Романтическая идеализация, однако, превращается в штамп, риторическую фигуру, не имеющую отношения к реальной действительности. На памятнике графа А. И. Моркова, не блиставшего дипломатическими и государственными заслугами, его внебрачная дочь, унаследовавшая значительное состояние, поместила следующие анонимные стихи:

  • Поборник истины, блюститель правоты,
  • Служил, как верный сын, Отечеству, престолу,
  • Как столп, недвижим, непреклонен долу
  • Высокий, тонкий ум и сердца доброты
  • Всегда он озарял чистейшею душою;
  • Был славен на земли, но верою святою
  • В прекрасных днях своих стремился к небесам;
  • Здесь в памяти живет, а дух бессмертный – там;
  • Дочь благодарная печалью сражена,
  • Лежит едва дыша у праха ей священна.
  • Лежит и молится и про себя, и вслух,
  • Да в лоне Божием его почиет дух.

(1827 г., Лазаревское кладбище)

Рис.97 Исторические кладбища Санкт-Петербурга

Надгробие А. Бозио на Выборгском римско-католическом кладбище

Рис.98 Исторические кладбища Санкт-Петербурга

Надгробие А. И. Моркова на Лазаревском кладбище

Романтическая поэтика обнаруживает себя и в постоянных, устойчивых (до навязчивости) рифмах: друг – супруг, могила – разлучила, прах – слезах и т. п.; в обращении к традиционному, многократно испытанному арсеналу образов. Вот эпитафия на могиле сестер Е. А. и М. А. Бек. Одна умерла девицей, другая – матерью четверых детей:

  • Одна развиться не успела,
  • Другая пышно расцвела —
  • Лишь утра блеск одна узрела,
  • Другая в полдень отцвела.
  • Так улететь спешат две розы
  • Дыханьем чистым в небеса;
  • Их цвет лишь прах; как наши слезы,
  • На них алмазная роса.

(1834 г., Лазаревское кладбище)

Другой романтический штамп:

  • Жизнь! Ты море и волненье,
  • Смерть! Ты пристань и покой;
  • Будет там соединенье
  • Разлученных здесь волной.

(1834 г.)

Эпитафия как литературная форма и факт бытовой культуры по природе своей явление не собственно русское, заимствованное. В качестве художественного текста эпитафия, даже в пору расцвета жанра – в конце XVIII—начале XIX вв. – встречается лишь на городских кладбищах, богатых дворянских и купеческих надгробиях. Не случайно кризис жанра совпал с кризисом романтизма, художественного направления, поэтику которого жанр эпитафии наиболее органично воспринял.

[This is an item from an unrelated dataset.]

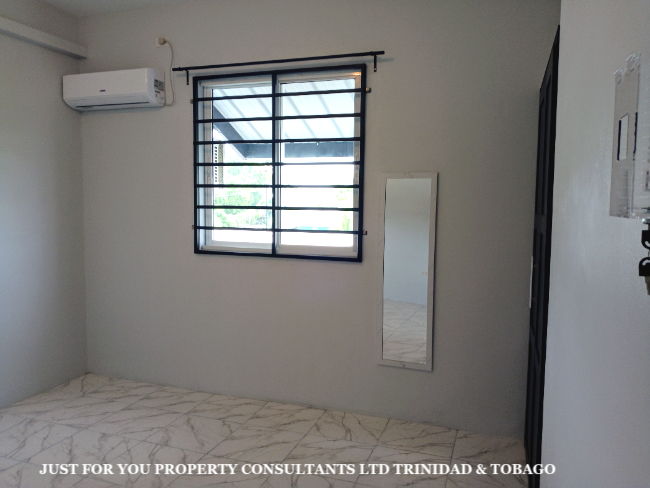 TT$4000 This welcoming brand new 2 BR 1 bath upper floor apartment is conveniently located in a serene neighborhood in Chaguanas Trinidad. It contains a spacious open living, dining & kitchen layout; is tiled throughout; has gypsum ceiling with down- lighters; possess A.C in both BRs; has sufficient built in closets; an indoor laundry area, secure parking, adequate water storage facilities, motorized gates & perimeter fencing; this unit is easily accessible & is less than 3 mins away from the highway/ all major roadways (Price includes wifi)

Примечательно, что именно в поэзии романтиков отразилось ощущение противоречия между клишированными образами текстов эпитафий и непосредственностью чувства, связанного с могилой близкого человека.

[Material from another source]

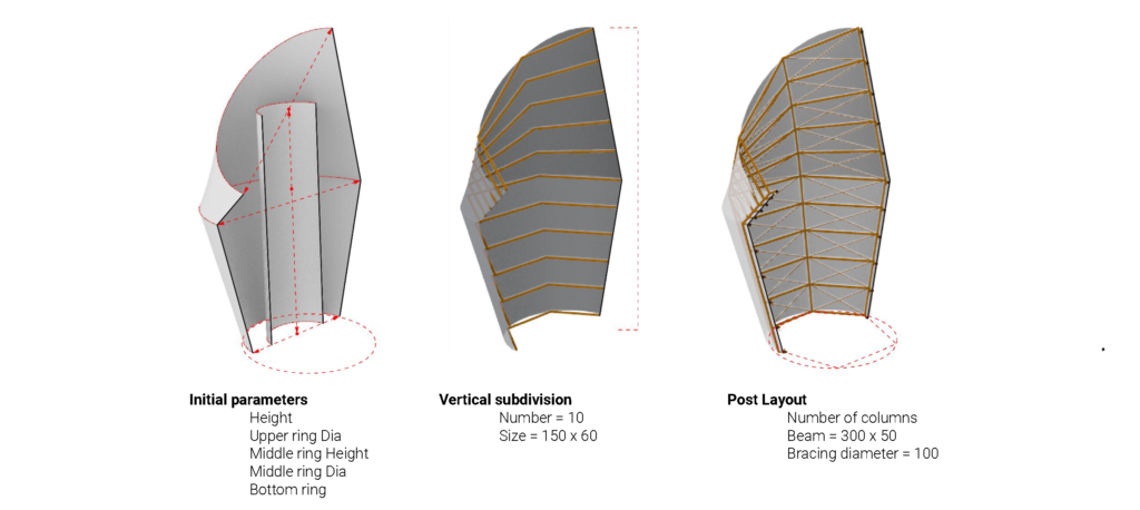 The placement of the bracing is done through genetic optimization. A Vertical post bracing of 3 and is subdivided into 10 divisions.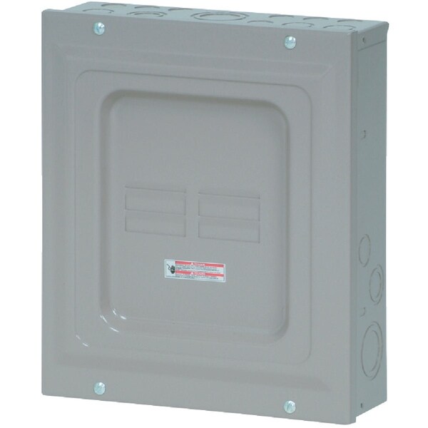 Single-phase 3-wire main lug load center. Flush surface or combination mount. Cover included. Straight-in wiring top or bottom. Pre-attached neutral bonding strap. Solid copper bus and branch fingers. 120/240V AC; 10000 AIC. UL (Underwriters Laboratories) listed.

Н. М. Языков в 1829 г. завещал:

  • Когда умру, смиренно совершите
  • По мне обряд печальный и святой.
  • И мне стихов надгробных не пишите,
  • И мрамора не ставьте надо мной.

(«Песня»)

Поэт-романтик Д. Струйский писал в 1841 г.:

  • Крест деревянный над могилой
  • Какой-то мирной простотой
  • Влечет к себе мой дух унылый —
  • И верю я: он друг прямой.
  • Но с эпитафией слезливой —
  • На светлом мраморе венец,
  • Из меди вылит горделивой, —
  • Мне подозрителен, как льстец.

(«Предубеждение»[228])

Еще определеннее эта мысль прозвучит в «Завещании» Н. В. Гоголя: «Завещаю не ставить надо мною никакого памятника и не помышлять о таком пустяке, христианина недостойном»[229].

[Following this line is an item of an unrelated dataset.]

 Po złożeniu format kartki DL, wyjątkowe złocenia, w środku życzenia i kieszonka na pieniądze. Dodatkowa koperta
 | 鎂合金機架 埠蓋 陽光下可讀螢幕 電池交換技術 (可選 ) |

Рис.99 Исторические кладбища Санкт-Петербурга

Надгробие Ф. И. Шуберта на Смоленском лютеранском кладбище

С иронией об «общеупотребительных на могилах среднего люда кладбищенских стихах» говорит Ф. М. Достоевский в «Братьях Карамазовых», смеется над ними и Марко Вовчок в романе «Записки причетника». Как известно, могила Л. Н. Толстого лишена какой-либо надписи. Но, пожалуй, с наибольшей резкостью и идеологической направленностью об этом предмете высказывался Н. С. Лесков: «…скромному и истинно святому чувству нашего народа глубоко противно кичливое стремление к надмогильной монументальности с дутыми эпитафиями, всегда более или менее неудачными и неприятными для христианского чувства. Если такая претенциозность и встречается у простолюдинов, то это встречается как чужеземный нанос – как порча, пробирающаяся в наш народ с Запада, – преимущественно от немцев, которые любят «возводить» монументы и высекать на них широковещательные надписи о деяниях и заслугах покойника. Наш же русский памятник, если то кому угодно знать, – это дубовый крест с голубцом – и более ничего. Крест ставился на могиле в знак того, что здесь погребен христианин; а о делах его и значении не считают нужным писать и возвещать, потому что все наши дела – тлен и суета. Вот почему многих и самых богатых и почетных в своем кругу русских простолюдинов камнями не прессуют, а «означают», – заметьте, не украшают, а только «означают» крестом. А где от этого отступают, там, значит, отступают уже от своего доброго родительского обычая, о котором весьма позволительно пожалеть»[230]. Лесков завещал похоронить его «самым скромным и дешевым порядком», просил никогда не ставить на могиле «никакого иного памятника, кроме обыкновенного, простого деревянного креста»[231].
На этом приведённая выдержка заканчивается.